Single by Yeng Constantino

from the album Salamat
- Released: 2006
- Recorded: 2006
- Genre: Acoustic folk, pop rock
- Length: 4:20
- Label: Star Music
- Songwriter: Yeng Constantino
- Producer: Dream Big Productions

Yeng Constantino singles chronology
|  | "Hawak Kamay" (2006) | "Pangarap Lang" (2006) |

Audio Video
- "Hawak Kamay" on YouTube

= Hawak Kamay =

"Hawak Kamay" is a song by Filipina singer-songwriter Yeng Constantino, the winner of the ABS-CBN TV program Pinoy Dream Academy in 2006. Solely written by Constantino, the song is about a cousin with whom she developed a deep friendship. In 2006, it won the Best Theme Song at the 32nd Metro Manila Film Festival. The song is also used in the 2011 film, Won't Last a Day Without You.

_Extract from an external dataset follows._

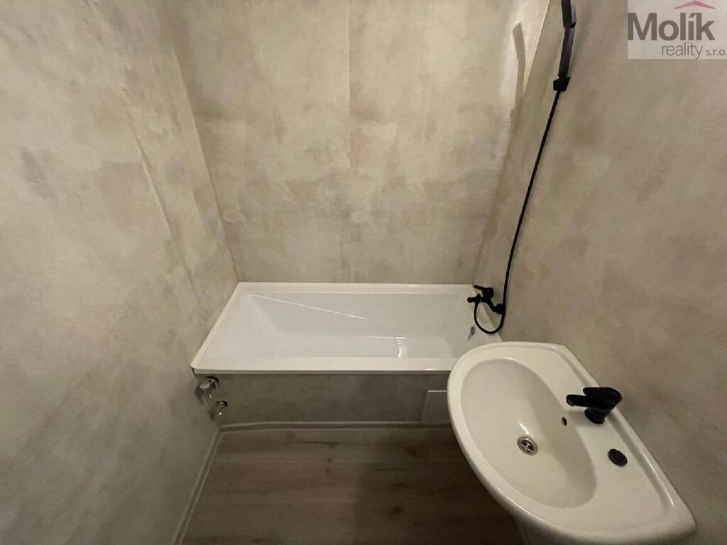 Bytová jednotka prošla kompletní rekonstrukcí - nová kuchyňská linka, koupelna je oddělena od toalety.

==Background and writing==

Constantino wrote "Hawak Kamay" at age 14, inspired by a cousin who had left their hometown to live away from her. She performed the song for the first time live on Pinoy Dream Academy. During that time, she sang the song along with her fellow contestants Ronnie Liang, Davey Langit, Joan Ilagan and Jun Hirano. Following public demand, the song was released by Star Music. The song is the most successful single to date in Constantino's career.

==Versions==
- 1st version - used in the Pinoy Dream Academy days. This version appears on Pinoy Dream Academy Originals Vol. 1, and is also the more recognizable version.
- 2nd version - used as the theme song for the movie Kasal, Kasali, Kasalo.
- 3rd version - made for her debut album, Salamat.
- 4th version - used in the horror film Cinco, in the segment Braso (Arm) when Sam Concepcion, AJ Perez and Robi Domingo each other
- 5th version - used in the guitar scene of Joey de Leon in the film Won't Last a Day Without You.
- 6th version - used in the karaoke scene in the horror film The Healing.
- 7th version - used in the singing scene in the Wansapanataym episode, Holly and Mau.
- Other versions we're used in commercials such as Perla Detergent Soap and McDonalds.

==Cover versions==
- Sharlene San Pedro of Goin' Bulilit covered the song alongside actor Nash Aguas.
- In August 2011, David DiMuzio made and uploaded an English version cover "I'm By Your Side" on YouTube.
- On January 19, 2023, South Korean-Chinese boyband EXO performed an acoustic cover on Dream K-Pop Fantasy Concert at SM Mall of Asia Arena.
- On October 2, 2013, Xela Padua used the song on Eat Bulaga!s "Ka-Voice ni Idol" during wild card week.
- In June 2014, Filipino actor and singer Piolo Pascual covered the song for Hawak Kamay.
- On February 26th and 27th, 2024, The Tabernacle Choir at Temple Square performed the song during their world tour in the Philippines at the SM Mall of Asia Arena.

==Award nominations==
- Best Theme Song (Kasal Kasali Kasalos "Hawak Kamay"): 32nd Metro Manila Film Festival
- Pop Movie Theme Song (Kasal Kasali Kasalos "Hawak Kamay"): ASAP Pop Viewer's Choice Awards 2007
- Best Theme Song (Kasal Kasali Kasalos "Hawak Kamay"): 55th FAMAS Awards 2007
- Extremely Requested Videoke Song ("Hawak Kamay"): 2nd IFM Pinoy Music Awards

==Live performances==
Constantino first performed this song on Pinoy Dream Academy, together with her fellow contestants Ronnie Liang, Davey Langit, Joan Ilagan and Jun Hirano. She has performed the song several times on the ABS-CBN weekend variety show ASAP, which airs on Sundays.

The song was performed by Constantino herself on the first anniversary of the ULTRA Stampede during the second anniversary of show Wowowee as the show chose not to celebrate its second anniversary out of respect for the disaster's victims and their kin.

In September 2009, she performed the song on Umagang Kay Ganda as a tribute for the victims of Typhoon Ondoy (international name Ketsana). In August 2011, she performed a medley of "Hawak Kamay" and her song "Lapit" on Eat Bulaga!.
On December 9, 2011, Constantino and American singer/songwriter David DiMuzio performed a duet of "Hawak Kamay (I'm By Your Side)" in Taglish on ASAP Rocks.